- _Material provided_
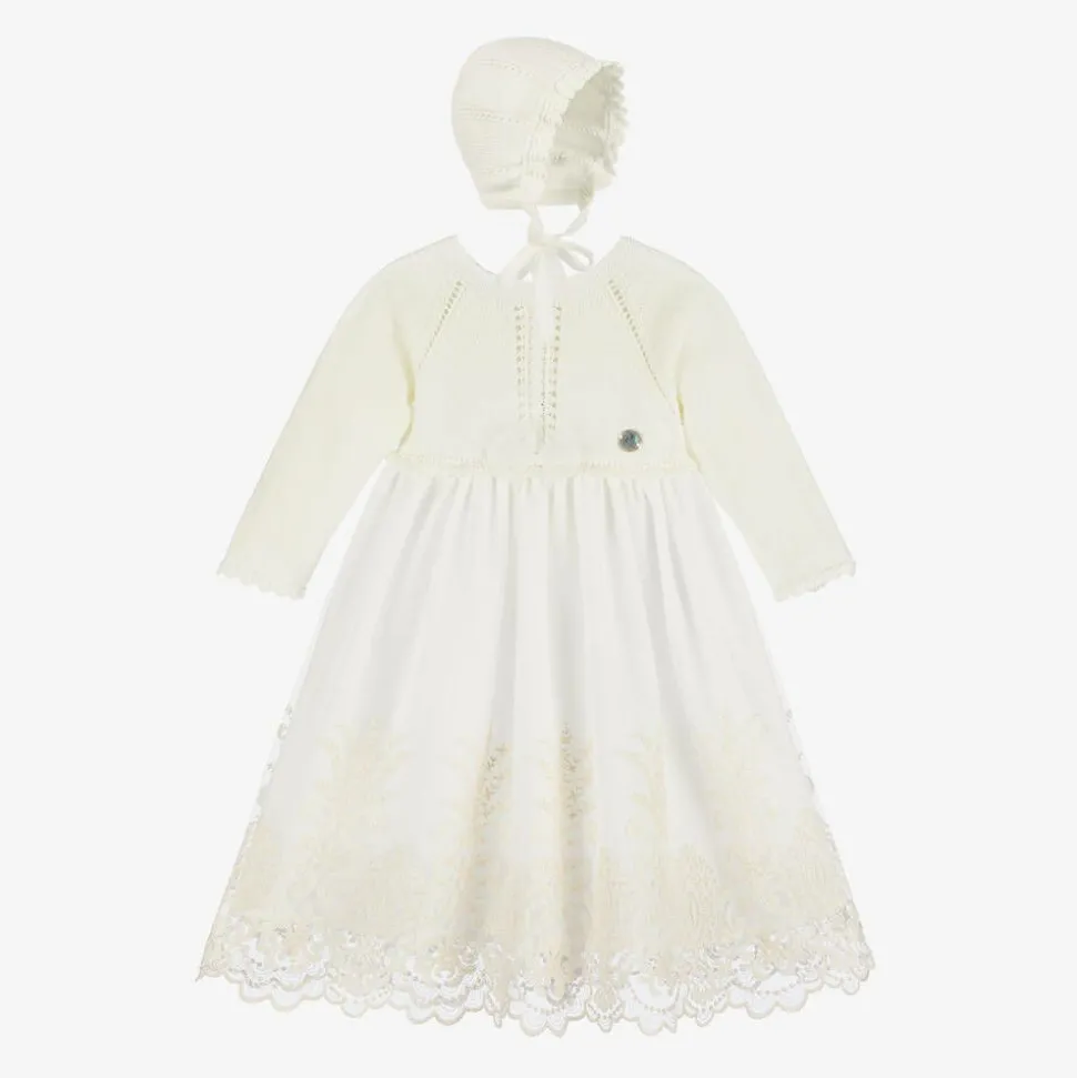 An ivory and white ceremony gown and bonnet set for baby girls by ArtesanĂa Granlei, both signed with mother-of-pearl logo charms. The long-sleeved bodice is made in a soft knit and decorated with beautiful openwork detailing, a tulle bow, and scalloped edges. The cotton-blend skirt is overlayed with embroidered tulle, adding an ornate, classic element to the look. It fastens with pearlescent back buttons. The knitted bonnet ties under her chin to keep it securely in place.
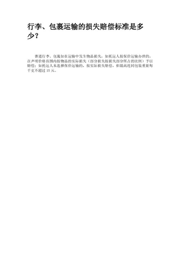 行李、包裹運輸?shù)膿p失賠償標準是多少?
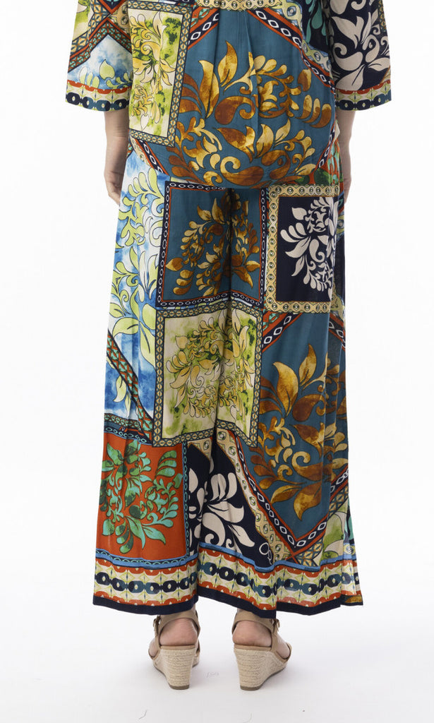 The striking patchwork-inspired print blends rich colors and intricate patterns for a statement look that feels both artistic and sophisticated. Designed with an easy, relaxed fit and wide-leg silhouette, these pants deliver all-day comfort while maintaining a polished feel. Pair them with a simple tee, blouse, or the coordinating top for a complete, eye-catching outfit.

- _Your assignment_
Copy all the lines of data exactly as they appear, dropping any images.

- _Response to this task_
 An ivory and white ceremony gown and bonnet set for baby girls by ArtesanĂa Granlei, both signed with mother-of-pearl logo charms. The long-sleeved bodice is made in a soft knit and decorated with beautiful openwork detailing, a tulle bow, and scalloped edges. The cotton-blend skirt is overlayed with embroidered tulle, adding an ornate, classic element to the look. It fastens with pearlescent back buttons. The knitted bonnet ties under her chin to keep it securely in place.
 行李、包裹運輸?shù)膿p失賠償標準是多少?
 The striking patchwork-inspired print blends rich colors and intricate patterns for a statement look that feels both artistic and sophisticated. Designed with an easy, relaxed fit and wide-leg silhouette, these pants deliver all-day comfort while maintaining a polished feel. Pair them with a simple tee, blouse, or the coordinating top for a complete, eye-catching outfit.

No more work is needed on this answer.